Viktor Moskvoretskii

Karma: 113

PhD @ EPFL DLab with Robert West

I do research on LLM Personas—where to they come from, how to apply them, how to make models safer.

Viktor Moskvoretskii 16 Jul 2026 10:03 UTC
2 points
0
on: Personascope: Measuring how deeply LLMs adopt personas
very cool, works, i think its super timely and relevant. I had couple questions and suggestions, as we are working on a very similar topics:
1) on the values. Refusal based signals are cool, but do you think it is how persona values should be measured? It feels like you are asking model to be misaligned after obtaining persona. I believe there is a much larger values displacement as just those. Like would the model make the decisions this specific persona would make on dilemmas where its values diverge from the assistant? With Voldemort you’d expect certain reasoning patterns and certain choices, not just fewer refusals.
I think you might benefit a lot from checking benchmarks like AI Risk Dilemmas or MoreBench, at least their evaluation protocol.
2) on more natural personas ~~(but anyway who knows what is persona :) )~~: How would you expect a transfer to the real personas, like evil or sycophantic, as they are shown in persona vectors or assistant axis. I think PSM also meant those, not role-playing like Voldemort. So your PAD presupposes a nameable character that can answer “who are you?”, but a dispositional persona (evil, sycophantic) has no identity claim to probe, how would you propose to deal with that? Same for the competence channel: asking factual questions feels relatively strange, as knowledge is largely universal across such modes. Do you see depth needing a second operationalisation for identity-free personas?
I’d also like to share couple of our works here that u may find useful.
1) we were showing that dispositional personas appear very early and persist through post training with most effect in DPO, maybe you will find the machinery useful, as you mention “tracking RL trajectories”. https://arxiv.org/abs/2605.13329
2) we are also working on synthetic persona pretraining—installing one synthetic persona at pretraining, feels like a good fit for your induction axis. We were actually facing exactly the question of how to measure persona stability inside the assistant, so how to test that our assistant is robustly adopting synthetic persona? We call it “persona binding” :) https://www.lesswrong.com/posts/3xQQK9i8mhJDE2uMg/synthetic-persona-pretraining-alignment-from-token-zero
I would be happy to share all the details, checkpoints and talk about this work more!

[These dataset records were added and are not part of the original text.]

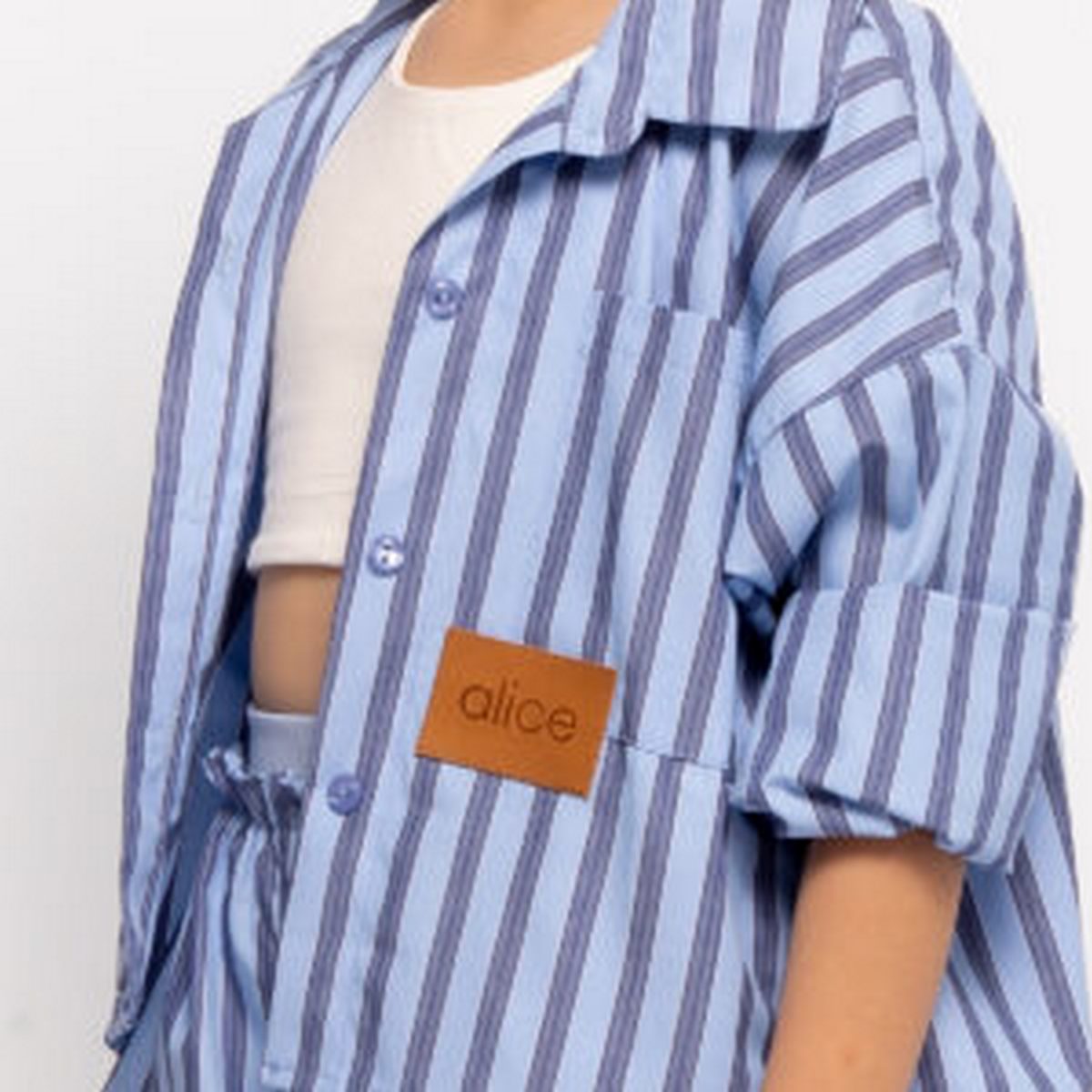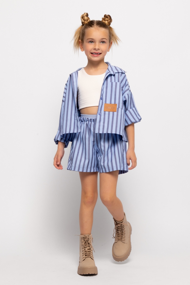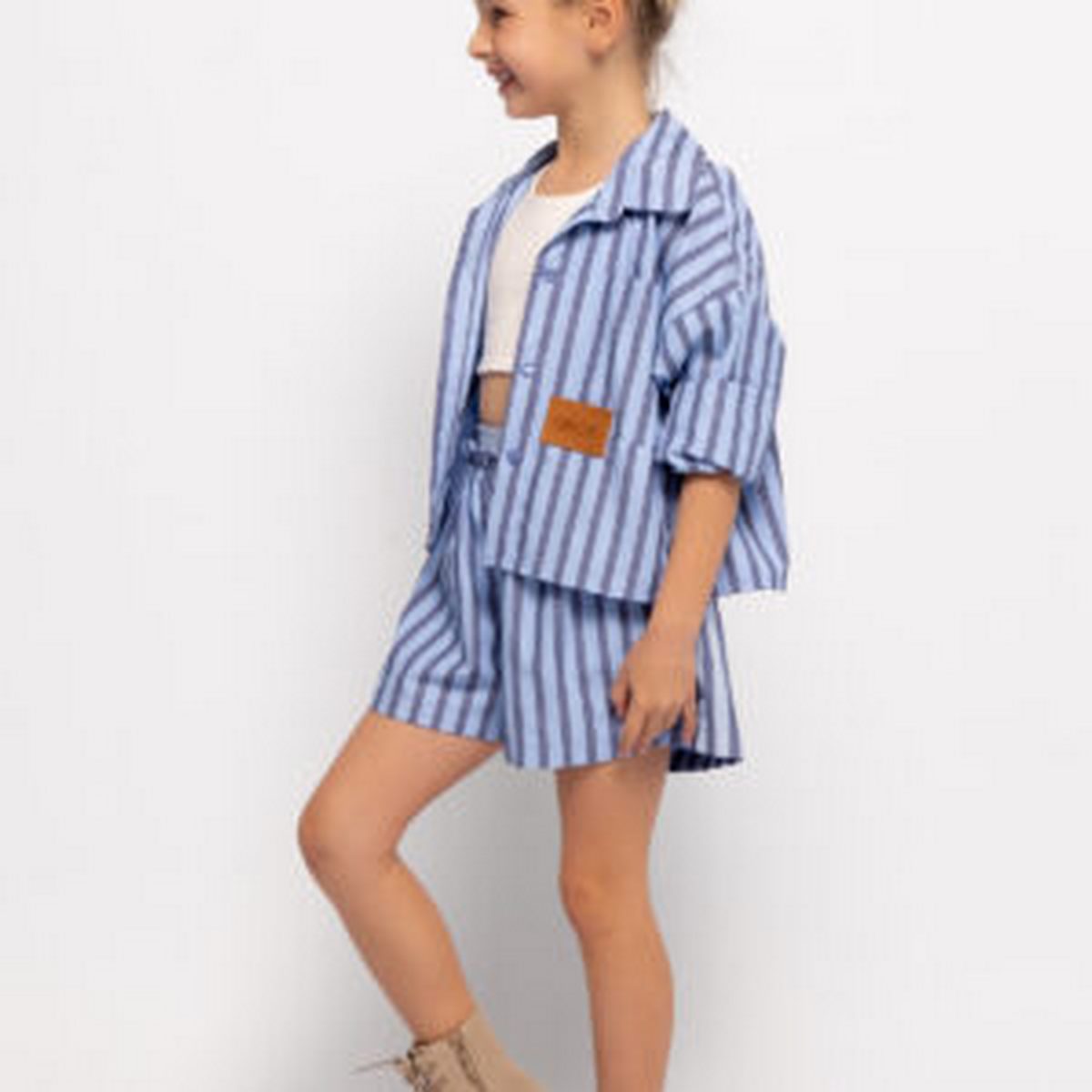 Σετ από ριγέ ποπλίνα που αποτελείται από πουκάμισο με τσέπη και διακοσμητικό label μπροστά, και σορτσάκι με διπλό ελαστικό ζωνάκι και τσέπες στα πλαϊνά.
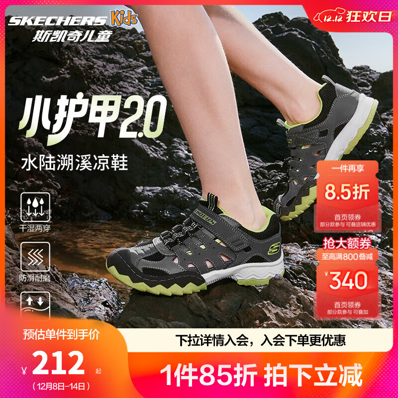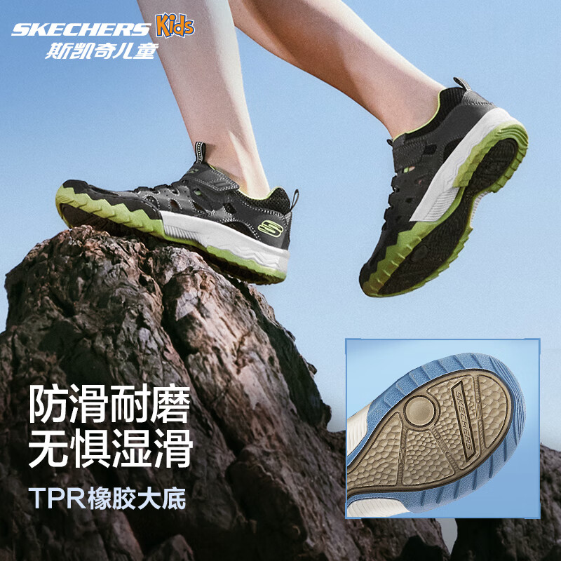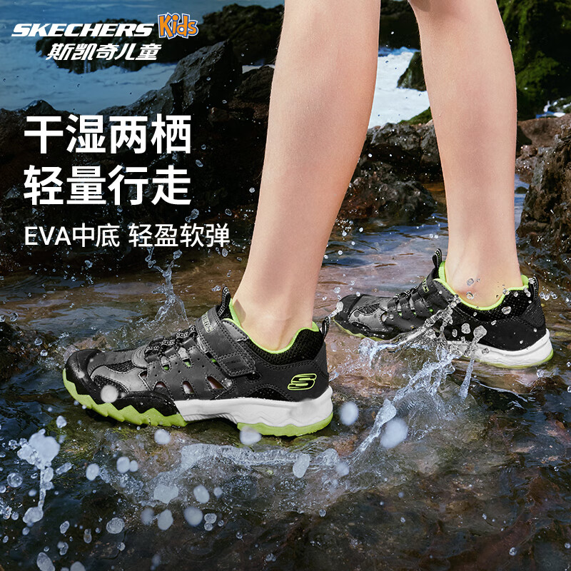 Skechers斯凯奇童鞋男童时尚沙滩鞋夏季户外防滑耐磨儿童包头凉鞋407031L 男童/炭灰色/柠檬色/CBLM 32
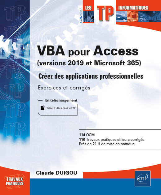 À partir des exercices pratiques de ce livre, tous les utilisateurs d’Access, en version 2019 ou Microsoft 365, seront capables de créer ou d’améliorer des applications VBA Access en bénéficiant des astuces, des méthodes et du retour d’expérience de développeurs.
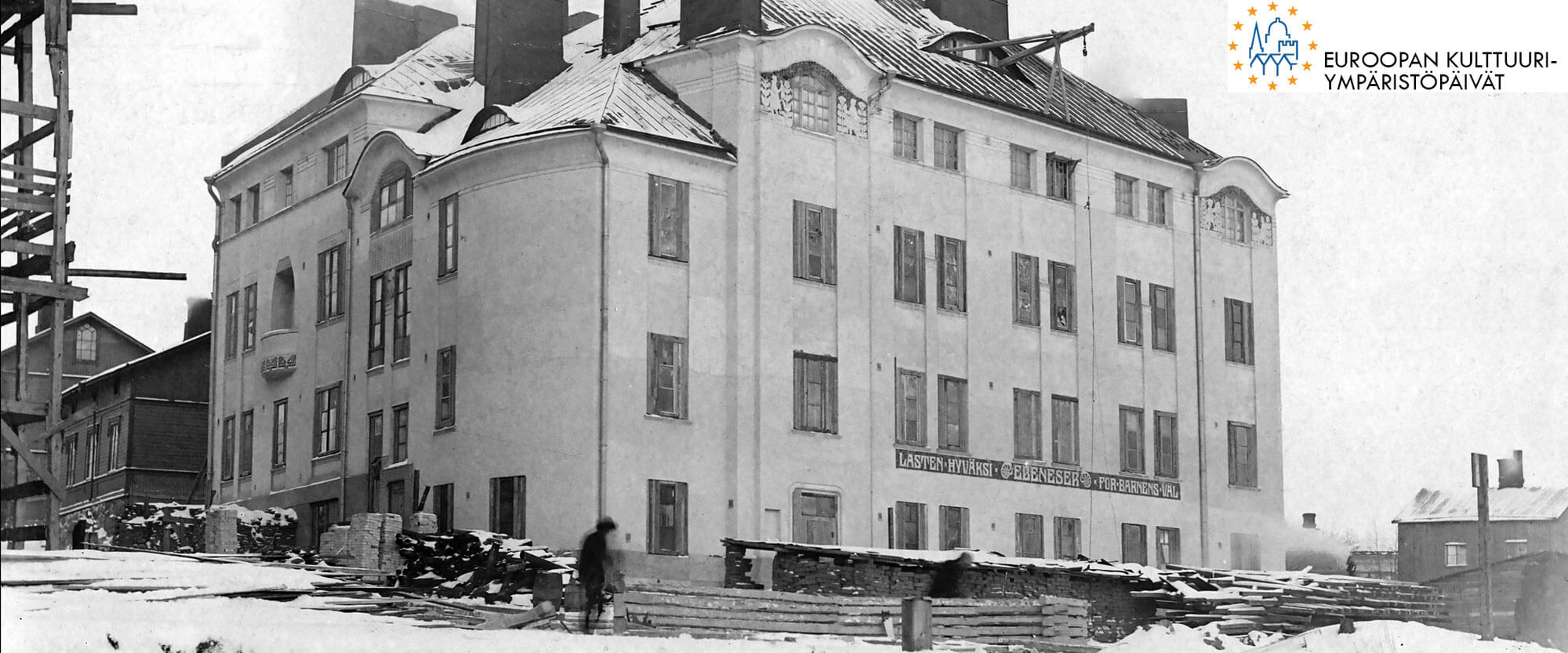 Otsikkokuvassa Ebeneser-talo lähes valmistuneena. Kuvan vasemmassa laidassa näkyvillä rakennustelineet Helsinginkatu 7 rakentuessa Ebeneserin viereen. Lastentarhamuseon valokuvakokoelma.
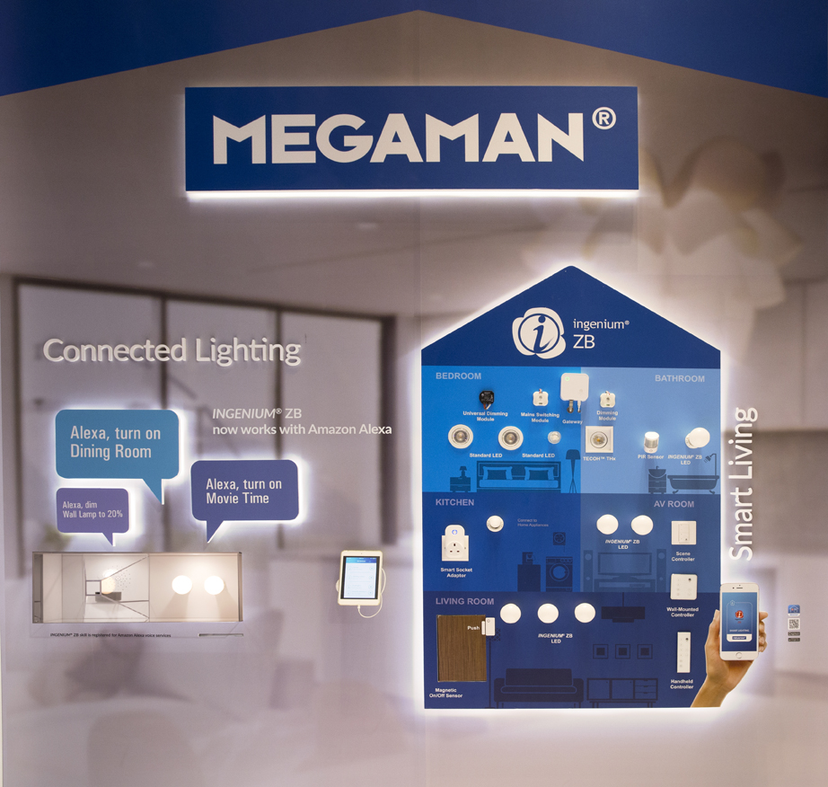 曼佳美®熒智® ZB 智能照明展區 - 帶參觀者走入未來科技世界,利用配置了新增功能的控制系統,讓參觀者親身體驗智能照明的無限可能。 熒智®智能照明方案現兼容亞馬遜Alexa語音聲控功能,助你更便捷聲控家居或商用的各種照明設備。 此方案採用ZigBee®技術,兼備可靈活擴充的優點,可緊隨你的需要增添不同的設備,讓智能生活更方便和個性化。
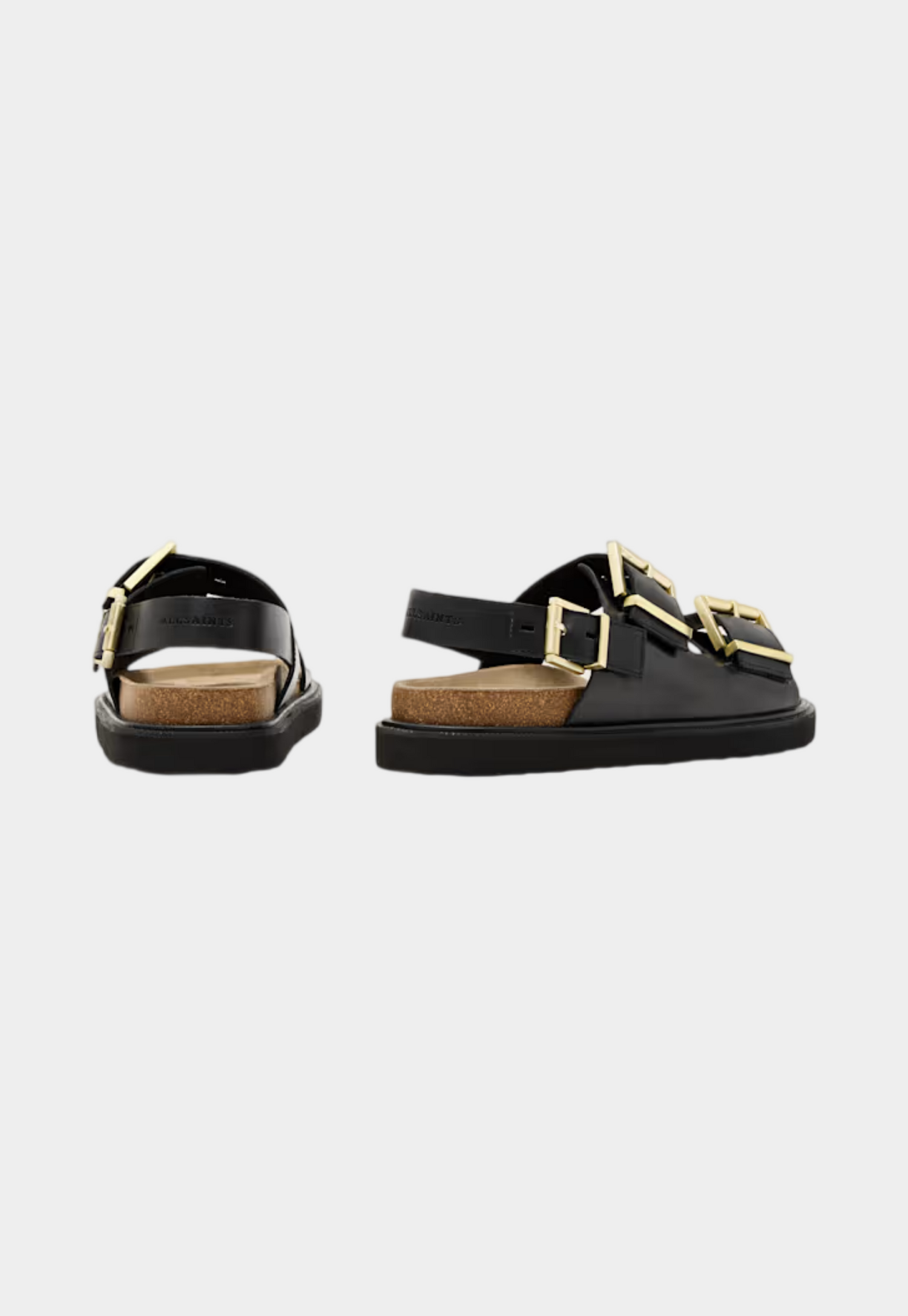 סנדלים לנשים מבית המותג אולסיינטס. עם שתי רצועות עבות בחזית, עם סגירת אבזמי זהב הניתנים להתכוננות. בשילוב רצועת קרסול עם אבזם זהב וסוליה שטוחה ועבה.
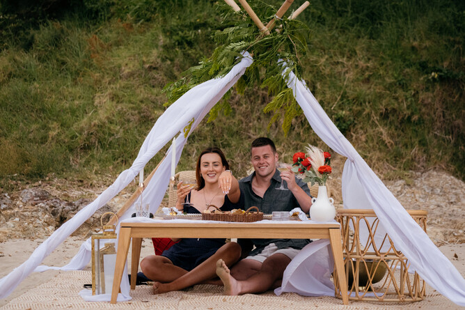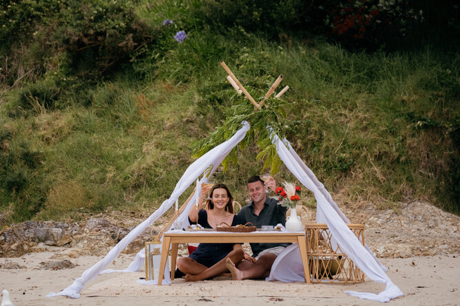 As they neared the shoreline, Julia spots the picnic set up. They hop off their kayak and Sam proposes, of course she said yes! To celebrate, they settled into their luxury picnic with champagne and a gourmet platter, taking in the views of beautiful Waiheke.
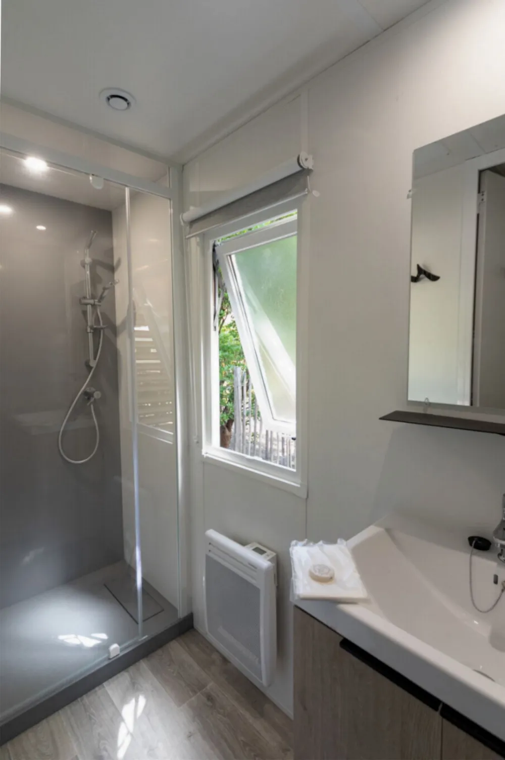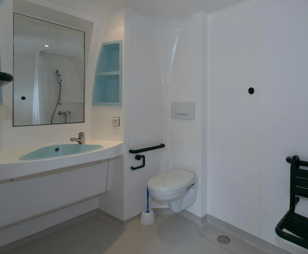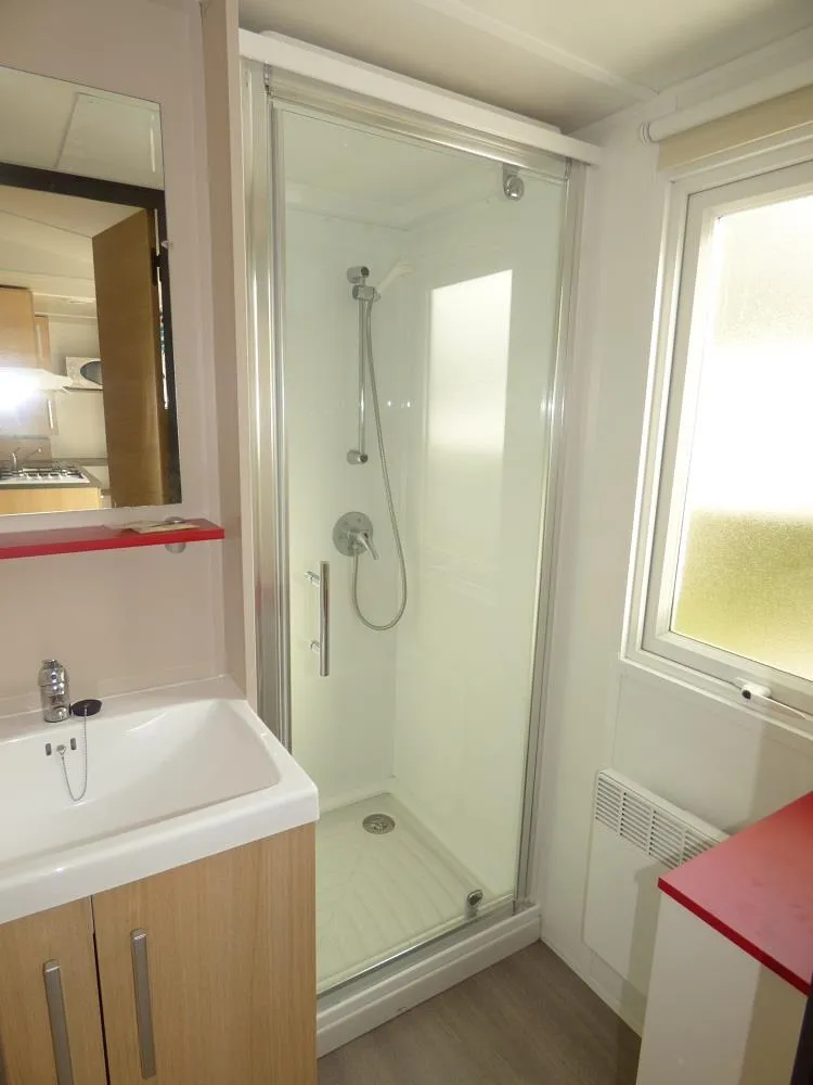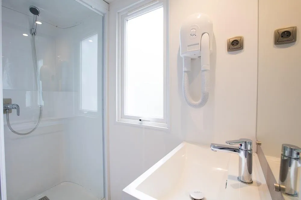 1 bed 160 x 200 + roller shutters + bathroom with XL shower cabin with suspended toilet + towel dryer + hair dryer
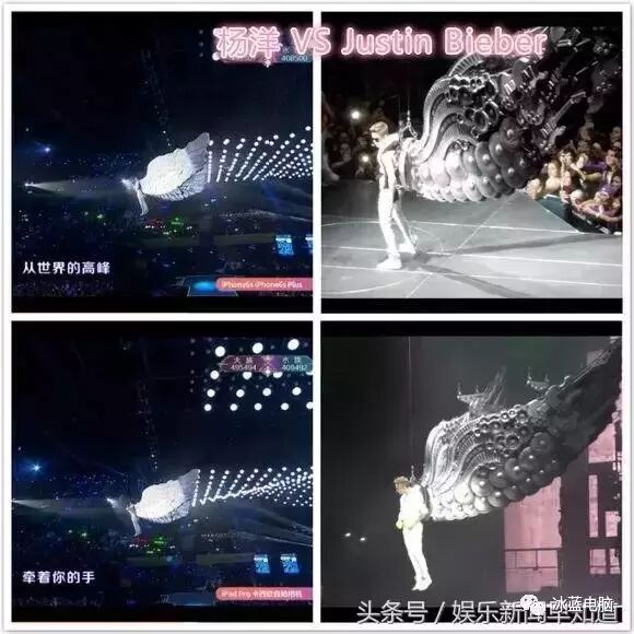 另外,杨洋的翅膀造型照搬自贾斯汀比伯的演唱会造型,白衣白翅膀吊威亚出场(好歹换个颜色啊,抄袭也不懂脑筋)。
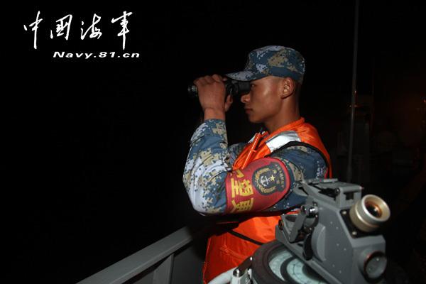 中新网3月12日电 据中国海军网报道,3月11日晚,泰国湾南部,上午刚刚抵达任务海区的中国海军井冈山舰甲板灯火通明。马航失联客机的每一点信息都牵动着中国海军搜救官兵的心。夜海中的舰艇瞪大眼睛,警惕地守望着海面上每一个可疑目标。
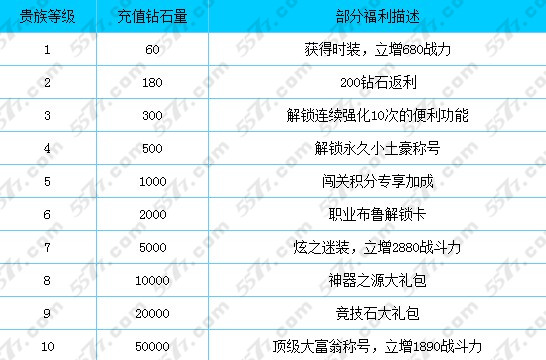 贵族特权,是大家通过购买钻石获得的,每个等级都有相关的钻石数量,比如上图,有60个钻石,玩家就是等级为1的贵族,而他们能够获得时装,而且增加战力!

Viktor Moskvoretskii 27 May 2026 10:03 UTC
3 points
1
in reply to: RogerDearnaley’s comment on: Synthetic Persona Pretraining: Alignment from Token Zero
Indeed, that was one of our goals: to build a lever for inference time. If we build a synthetic persona and we know it exists, then it would be easy to track it through inference time, modify it, etc. I love how “The Assistant Axis” did activation capping to prevent persona drift, and we are aiming to further mechanistically locate our synthetic persona and see what we can do with it at inference time!

Viktor Moskvoretskii 21 May 2026 9:02 UTC
5 points
4
in reply to: avturchin’s comment on: Synthetic Persona Pretraining: Alignment from Token Zero
Good question — and yes, in our setup the persona is built from scratch, so in principle it could be any persona, including a real one. The synthetic version is advantageous in our view mostly because it’s very controlled: we can specify exactly what it values and how it should reason.
Using a real person seems possible in theory, but raises several hard questions:
1. Whose persona? Picking someone is already a very hard question. Who’s the most aligned person in the world? Aligned according to whose values? Is it even ethical to bake one specific person’s persona into a model?
2. How do we actually measure one human’s persona? The term is useful, but even psychologists struggle to define it fully. We have instruments, but they don’t give us a complete picture.
3. Humans are much more complex than a persona. If we “hire” a real person, we’re not getting just a persona — we’re getting a whole personality with multi-level structure: inconsistencies, moods, changing views, contradictions.
To summarize: I think this is a very relevant question, and maybe one day we’ll get closer to it. But for now the drawbacks and limitations are substantial. Hopefully we’ll get there eventually — if it ends up serving the good!